Le jeu d’acteur et de chanteurs n’est pas moins admirable dans cette harmonieuse conception d’ensemble d’une œuvre qui bannit l’harmonie traditionnelle pour nous plonger dans une effervescence musicale sans repères.
La distribution est sans faille du premier au dernier rôle, dans une notable symétrie des voix masculines entre aigu et grave : quatre pour chaque tessiture. Till Fechner et Francis Dudziak prêtent leur sombre et belle voix au Premier et Deuxième ouvrier. Cécile Galois est une accorte et acerbe Margret abondante de vie qui disputerait âprement à Marie l’homme objet qu’est le tambour-major, Hercule de foire, auquel Hugh Smith donne sa stature physique et vocale de grand ténor. Dans le même registre mais plus léger, Stuart Patterson (l’Idiot) devient ici la Mort de l’enfant d’une douceur (souvenir du Boris de Moussorgski ?) qui fait froid dans le dos.
Premier interlocuteur du soldat manipulé, le Capitaine, incarné par Gilles Ragon, est effrayant de cruelle banalité, voix acide et coupante d’un sadique. Ses adresses à Wozzeck, « honnête homme », répétées à l’obsession comme le « honest Iago » d’Othello, il les fait sonner comme les ordres menaçants d’un kapo d’un camp de concentration ; de ses glissandi du Sprechgesang, il fait autant de glissages perverses sous les pas du malheureux. Sa voix de ténor fait paire contrastante et consentante avec son compère, le Docteur fou, Frode Olsen, basse noble versée dans d’ignobles expérimentations scientifiques, plus halluciné que le présumé fol Wozzeck, couple de guignol tragiques et timorés, forts avec le faible, oppresseurs sociaux instillant le fiel du doute dans l’âme candide du malheureux. Andres est campé chaleureusement par le ténor Torsten Büttner, inutile ami pour le héros s’enfonçant dans la solitude. Stature athlétique pour une âme d’enfant, Andreas Scheibner, digne voix claire de baryton pour la noirceur du drame, sachant l’adoucir de tendresse envers l’enfant et d’amour envers Marie, serait l’image de la force virile sans la fêlure intime, et le poids de la douleur du monde sur ses épaules voûtées, déjà abandonné à la fatalité : un géant bouleversant de fragilité. L’émouvante Marie de Noëmi Nadelman a une belle correspondance physique avec Wozzeck : dans un corps de vamp du cinéma néo-réaliste italien, aux formes voluptueuses, sensuelle, elle exhale une voix délicate, raffinée, souple et maternelle, corrodée de doutes, de remords : sa lecture de la Bible et sa berceuse à l’enfant sont de grands moments d’émotion. Même si le chœur  n’est pas très important ici, il faut saluer encore le travail méticuleux de Pierre Iodice. Réussite à tous les niveaux.

Wozzeck d’Alban BERG
Opéra de Marseille12, 15, 18, 20 mars 2011 
Nouvelle production en coproduction avec le Vlaamse Opera d’Anvers.
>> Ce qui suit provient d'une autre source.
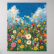 Esta pintura vibrante retrata um campo de flores silvestres sob um céu azul brilhante. Apresentando margaridas, papoilas e outros florins em tons de laranja, rosa, vermelho, azul e branco, o trabalho de arte capta uma cena exuberante e viva. O céu limpo com nuvens brancas lisas adiciona profundidade, enquanto o estilo impressionista com pinceladas ousadas e cores vívidas evoca um dia alegre e ensolarado. Perfeito para iluminar qualquer quarto com um toque da natureza.

Orchestre et chœur de l’Opéra de Marseille.
Direction musicale :  Lawrence Foster ; mise en scène : Guy Joosten assisté de Wolfgang Gruber ; décors et costumes : Christof Hetze ; lumières : Manfred Voss.
Distribution
Noëmi Nadelmann : Marie ; Cécile Galois : Margret ; Laurence Stevaux : une femme ; Andreas Scheibner : Wozzeck ; Hugh Smith : le tambour-major ; Thorsten Büttner : Andres ; Gilles Ragon, le capitaine ; Frode Olsen : le médecin ; Till Fechner : Premier ouvrier ; Francis Dudziak ; Deuxième ouvrier ; Stuart Patterson : un idiot (La Mort).

Photos : Christian Dresse, textes B. P.  
1. Épure du dénuement de la vie Marie, l’enfant, Wozzeck ;
2. La menace sadique et la peur : Scheibner et Ragon ;
3. L’amour : Scheibner et Nadelmann ;
4. La mort sous le regard voyeur de la société, dans les confetti de la fête .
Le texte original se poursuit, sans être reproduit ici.